First, a little time period context: before the launch of proto-Thai television BL in Love Sick (2014) -- an ensemble drama that did not center, but rather included, a queer romance in Phun x Noh -- Thai cinema was where queer relationships were mostly explored. In discussion with @bengiyo, Thai, pan-Asian, and international queer cinema was also where the majority of stereotypes about the presumed endings of queer relationships were mostly held, as I discussed at length in my Love of Siam review.
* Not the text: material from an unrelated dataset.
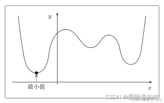 用最速下降法来找函数的最小值时,必须先要决定从哪个 x 开始 找起。之前我们用 g(x) 说明的时候是从 x = 3 或者 x = −1 开始的,这是我们随便选择的,选用随机数作为初始值的情况比较多。不过这样每次初始值都会变,进而导致陷入局部最优解的问题。假设这张图中标记的位置就是初始值:

My Bromance aired in February 2014, and Love Sick aired in July 2014. I don't *think* the two properties spoke to each other by way of art or influence -- in part, simply because My Bromance is rooted in some STRONG Thai yaoi tropes that almost pre-determined the ending of the film (spoiler alert, I'll get into this later). (And I want to note and appreciate the differences in the term "yaoi" as interpreted in Japan vs. Thailand.) Love Sick, while utterly and fabulously chaotic, ended in happiness, with Phun and Noh confirming their relationship.
The second reason why I added My Bromance to this list is because history tells us that Thailand's past and present fascination with Japanese yaoi manga and anime, in part, primed wider Thai audiences for television dramas featuring queer love and relationships. As we know now, Thai filmmakers have made Thai television BL a genre of its own, complete with tropes and built-in assumptions about how the dramas are structured and how the stories are told. The most overt Thai yaoi-influenced drama on the OGMMTVC list is TharnType, and I wanted to add at least one pre-BL yaoi piece to get a sense for how yaoi would then play out on television (and I know there are PLENTY more very early television BLs that were touched by yaoi, but TharnType is the most influential one on the future of the BL genre).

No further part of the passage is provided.